What the task asks. Every line of the material must be restated exactly, though not its pictures.

Provided material.

↓

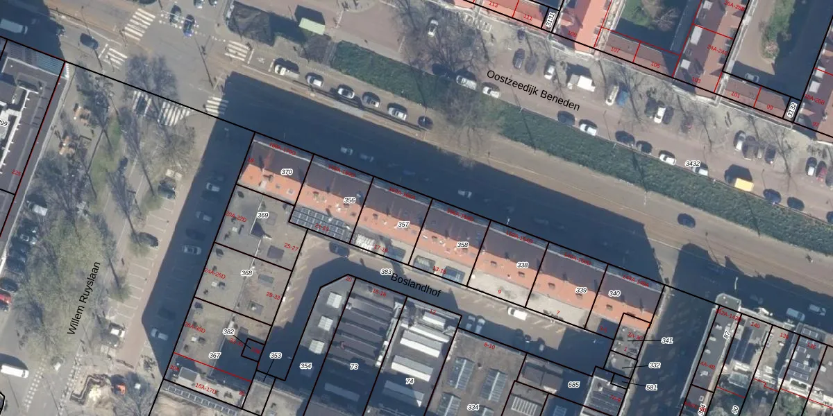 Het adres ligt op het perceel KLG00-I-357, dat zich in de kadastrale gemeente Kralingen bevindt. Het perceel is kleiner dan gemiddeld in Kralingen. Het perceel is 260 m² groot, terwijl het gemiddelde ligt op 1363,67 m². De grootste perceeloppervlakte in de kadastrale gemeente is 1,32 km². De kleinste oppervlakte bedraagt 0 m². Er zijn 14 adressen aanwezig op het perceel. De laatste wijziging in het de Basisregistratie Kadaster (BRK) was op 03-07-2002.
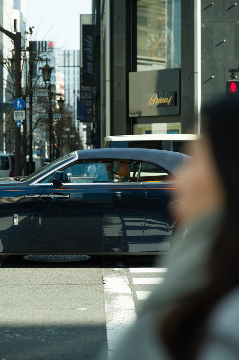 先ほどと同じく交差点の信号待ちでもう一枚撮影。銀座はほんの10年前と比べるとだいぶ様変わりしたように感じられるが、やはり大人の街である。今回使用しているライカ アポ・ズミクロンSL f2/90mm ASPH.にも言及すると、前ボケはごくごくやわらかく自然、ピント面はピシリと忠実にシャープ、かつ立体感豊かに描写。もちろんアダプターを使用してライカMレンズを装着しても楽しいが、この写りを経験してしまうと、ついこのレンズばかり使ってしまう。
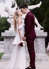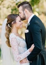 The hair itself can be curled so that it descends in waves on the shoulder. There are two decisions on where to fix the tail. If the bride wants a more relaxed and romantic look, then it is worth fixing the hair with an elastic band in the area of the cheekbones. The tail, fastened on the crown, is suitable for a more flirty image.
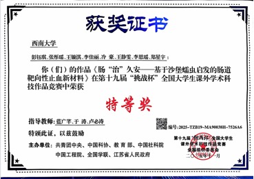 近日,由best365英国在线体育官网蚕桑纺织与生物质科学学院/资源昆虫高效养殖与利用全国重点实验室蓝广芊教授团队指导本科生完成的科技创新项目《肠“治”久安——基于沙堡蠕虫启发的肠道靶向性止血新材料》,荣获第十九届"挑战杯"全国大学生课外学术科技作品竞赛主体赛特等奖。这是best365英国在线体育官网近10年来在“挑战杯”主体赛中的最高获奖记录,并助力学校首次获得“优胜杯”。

↑

Exercise output.
 Het adres ligt op het perceel KLG00-I-357, dat zich in de kadastrale gemeente Kralingen bevindt. Het perceel is kleiner dan gemiddeld in Kralingen. Het perceel is 260 m² groot, terwijl het gemiddelde ligt op 1363,67 m². De grootste perceeloppervlakte in de kadastrale gemeente is 1,32 km². De kleinste oppervlakte bedraagt 0 m². Er zijn 14 adressen aanwezig op het perceel. De laatste wijziging in het de Basisregistratie Kadaster (BRK) was op 03-07-2002.
 先ほどと同じく交差点の信号待ちでもう一枚撮影。銀座はほんの10年前と比べるとだいぶ様変わりしたように感じられるが、やはり大人の街である。今回使用しているライカ アポ・ズミクロンSL f2/90mm ASPH.にも言及すると、前ボケはごくごくやわらかく自然、ピント面はピシリと忠実にシャープ、かつ立体感豊かに描写。もちろんアダプターを使用してライカMレンズを装着しても楽しいが、この写りを経験してしまうと、ついこのレンズばかり使ってしまう。
 The hair itself can be curled so that it descends in waves on the shoulder. There are two decisions on where to fix the tail. If the bride wants a more relaxed and romantic look, then it is worth fixing the hair with an elastic band in the area of the cheekbones. The tail, fastened on the crown, is suitable for a more flirty image.
 近日,由best365英国在线体育官网蚕桑纺织与生物质科学学院/资源昆虫高效养殖与利用全国重点实验室蓝广芊教授团队指导本科生完成的科技创新项目《肠“治”久安——基于沙堡蠕虫启发的肠道靶向性止血新材料》,荣获第十九届"挑战杯"全国大学生课外学术科技作品竞赛主体赛特等奖。这是best365英国在线体育官网近10年来在“挑战杯”主体赛中的最高获奖记录,并助力学校首次获得“优胜杯”。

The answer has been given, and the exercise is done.